* [What is needed] The pictures get left out, but everything else in the listing below must be duplicated exactly.

* [Data block]
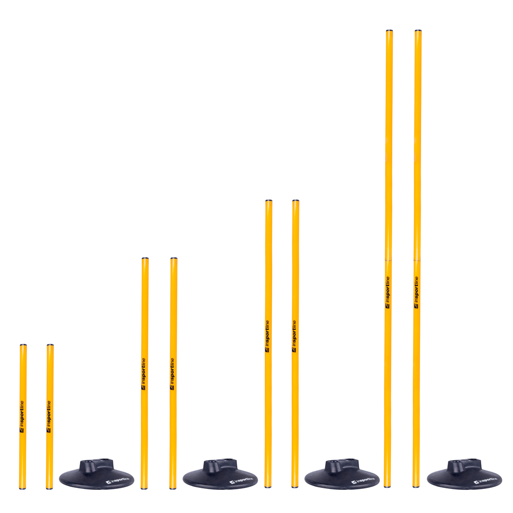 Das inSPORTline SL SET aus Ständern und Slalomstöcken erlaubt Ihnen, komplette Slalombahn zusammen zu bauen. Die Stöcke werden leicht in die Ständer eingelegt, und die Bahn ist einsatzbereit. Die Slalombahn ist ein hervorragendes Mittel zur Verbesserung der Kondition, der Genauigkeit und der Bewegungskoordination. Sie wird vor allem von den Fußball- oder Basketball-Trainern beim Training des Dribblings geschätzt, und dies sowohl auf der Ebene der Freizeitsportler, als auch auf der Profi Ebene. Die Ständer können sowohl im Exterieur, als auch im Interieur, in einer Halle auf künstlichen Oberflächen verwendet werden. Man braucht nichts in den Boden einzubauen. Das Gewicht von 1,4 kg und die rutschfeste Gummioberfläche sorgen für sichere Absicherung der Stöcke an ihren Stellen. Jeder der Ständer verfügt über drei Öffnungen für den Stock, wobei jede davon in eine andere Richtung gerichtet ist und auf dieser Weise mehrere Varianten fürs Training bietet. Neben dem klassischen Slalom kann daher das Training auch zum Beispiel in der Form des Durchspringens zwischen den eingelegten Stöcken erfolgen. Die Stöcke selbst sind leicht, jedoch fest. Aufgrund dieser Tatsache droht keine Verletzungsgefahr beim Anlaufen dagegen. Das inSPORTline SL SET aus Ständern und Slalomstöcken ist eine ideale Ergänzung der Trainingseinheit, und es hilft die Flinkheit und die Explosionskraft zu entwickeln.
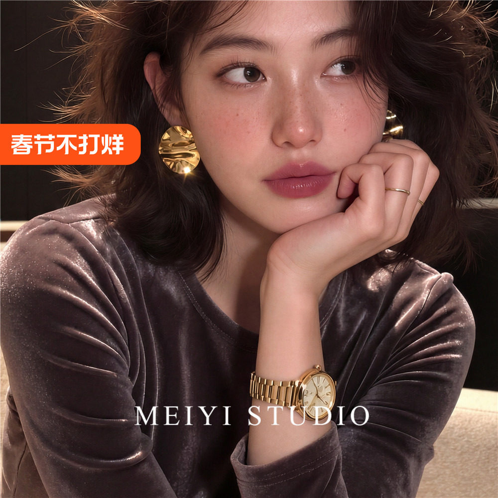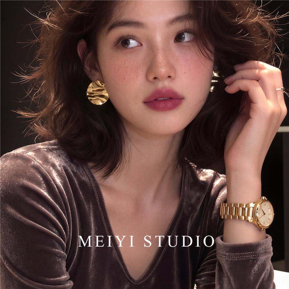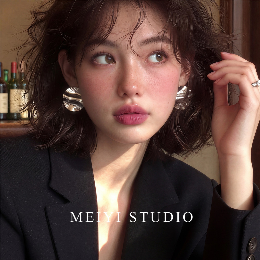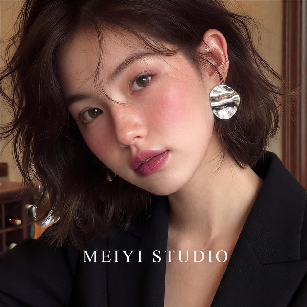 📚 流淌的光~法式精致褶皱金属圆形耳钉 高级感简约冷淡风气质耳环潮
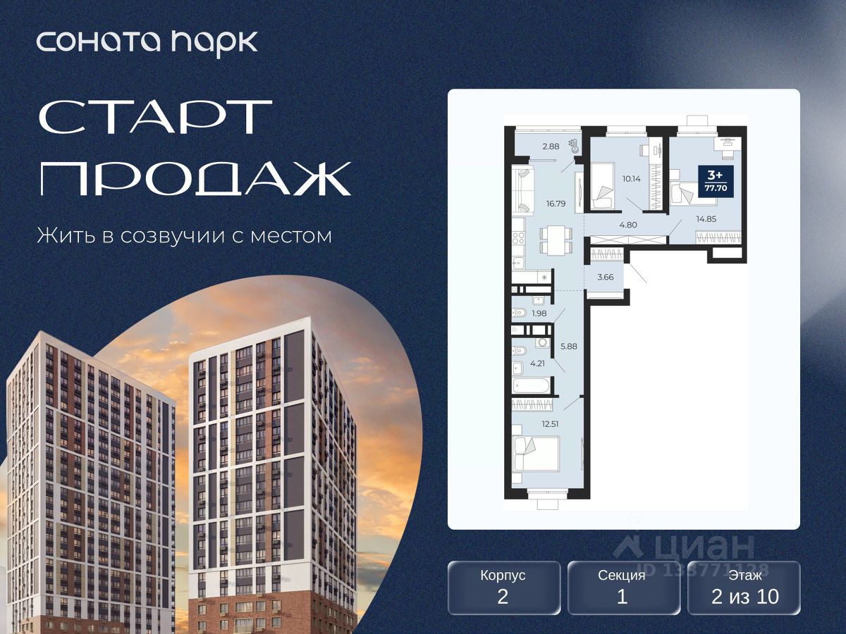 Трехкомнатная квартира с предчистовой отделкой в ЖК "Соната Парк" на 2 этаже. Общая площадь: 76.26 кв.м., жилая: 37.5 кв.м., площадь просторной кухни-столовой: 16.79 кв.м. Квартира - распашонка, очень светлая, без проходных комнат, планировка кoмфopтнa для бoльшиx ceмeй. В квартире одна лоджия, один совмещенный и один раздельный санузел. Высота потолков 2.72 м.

* [Your response]
 Das inSPORTline SL SET aus Ständern und Slalomstöcken erlaubt Ihnen, komplette Slalombahn zusammen zu bauen. Die Stöcke werden leicht in die Ständer eingelegt, und die Bahn ist einsatzbereit. Die Slalombahn ist ein hervorragendes Mittel zur Verbesserung der Kondition, der Genauigkeit und der Bewegungskoordination. Sie wird vor allem von den Fußball- oder Basketball-Trainern beim Training des Dribblings geschätzt, und dies sowohl auf der Ebene der Freizeitsportler, als auch auf der Profi Ebene. Die Ständer können sowohl im Exterieur, als auch im Interieur, in einer Halle auf künstlichen Oberflächen verwendet werden. Man braucht nichts in den Boden einzubauen. Das Gewicht von 1,4 kg und die rutschfeste Gummioberfläche sorgen für sichere Absicherung der Stöcke an ihren Stellen. Jeder der Ständer verfügt über drei Öffnungen für den Stock, wobei jede davon in eine andere Richtung gerichtet ist und auf dieser Weise mehrere Varianten fürs Training bietet. Neben dem klassischen Slalom kann daher das Training auch zum Beispiel in der Form des Durchspringens zwischen den eingelegten Stöcken erfolgen. Die Stöcke selbst sind leicht, jedoch fest. Aufgrund dieser Tatsache droht keine Verletzungsgefahr beim Anlaufen dagegen. Das inSPORTline SL SET aus Ständern und Slalomstöcken ist eine ideale Ergänzung der Trainingseinheit, und es hilft die Flinkheit und die Explosionskraft zu entwickeln.
 📚 流淌的光~法式精致褶皱金属圆形耳钉 高级感简约冷淡风气质耳环潮
 Трехкомнатная квартира с предчистовой отделкой в ЖК "Соната Парк" на 2 этаже. Общая площадь: 76.26 кв.м., жилая: 37.5 кв.м., площадь просторной кухни-столовой: 16.79 кв.м. Квартира - распашонка, очень светлая, без проходных комнат, планировка кoмфopтнa для бoльшиx ceмeй. В квартире одна лоджия, один совмещенный и один раздельный санузел. Высота потолков 2.72 м.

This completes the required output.